→ WHAT NEEDS TO BE DONE: Reproduce the entries exactly, but keep the pictures out of the copy.

# # # #

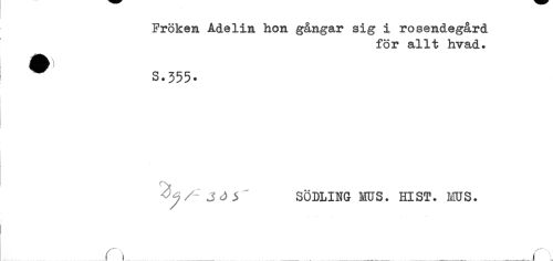 //// I //// t //// Fröken Adelin hon gångar sig i rosendegård //// för allt hvad. //// ' ^ S.355. //// SÖDLING MUS. HIST. MUS. //// ......r!....f......1, ////
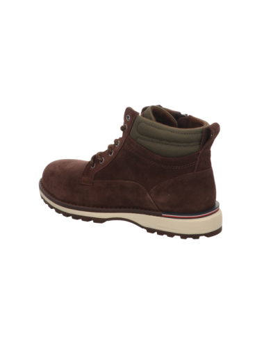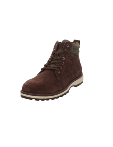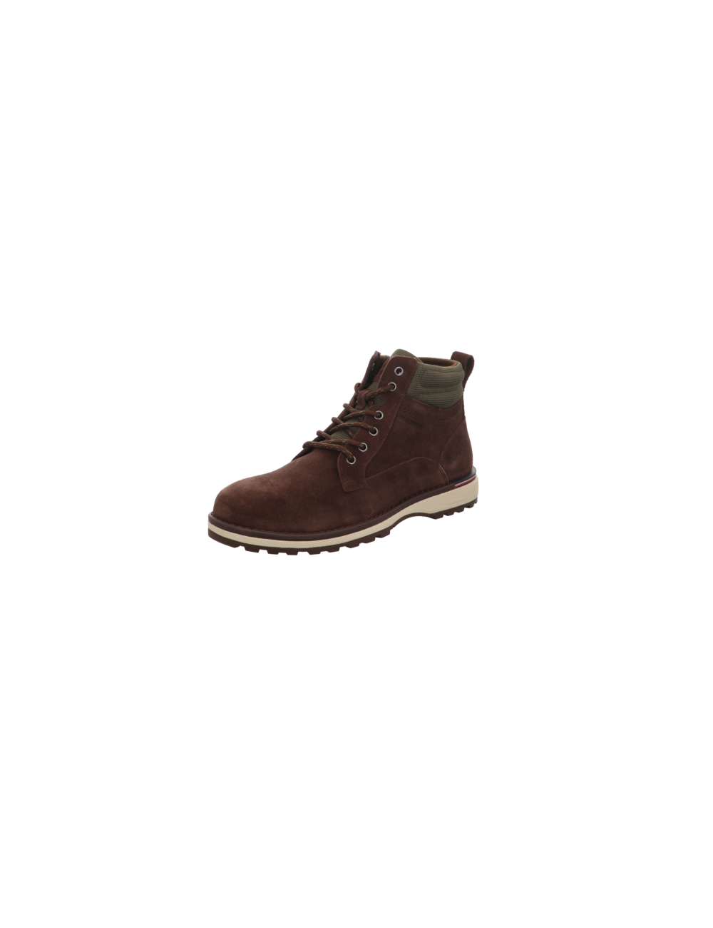 Schnürstiefelette in dunkelbraunen Rauhleder mit Gummisohle.
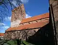Koksijde Ten Duinen Abbey[14] founded 1107, nave of the church 1354 Gothic parts of brick with some ashley;
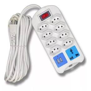 Extensão Elétrica 8 Tomadas Régua Com 2 Usb Com Cabo 2 Metros
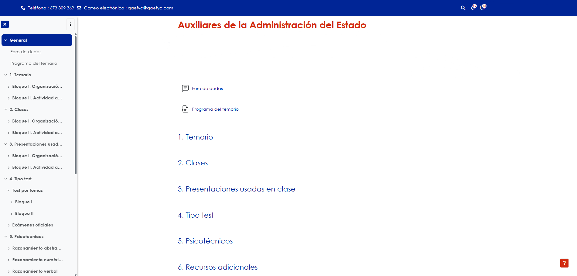 El curso de preparación de las oposiciones de Auxiliares de la Administración del Estado incluye:

# # # #

→ ANSWER FOR THE TASK:
 //// I //// t //// Fröken Adelin hon gångar sig i rosendegård //// för allt hvad. //// ' ^ S.355. //// SÖDLING MUS. HIST. MUS. //// ......r!....f......1, ////
 Schnürstiefelette in dunkelbraunen Rauhleder mit Gummisohle.
Koksijde Ten Duinen Abbey[14] founded 1107, nave of the church 1354 Gothic parts of brick with some ashley;
 Extensão Elétrica 8 Tomadas Régua Com 2 Usb Com Cabo 2 Metros
 El curso de preparación de las oposiciones de Auxiliares de la Administración del Estado incluye:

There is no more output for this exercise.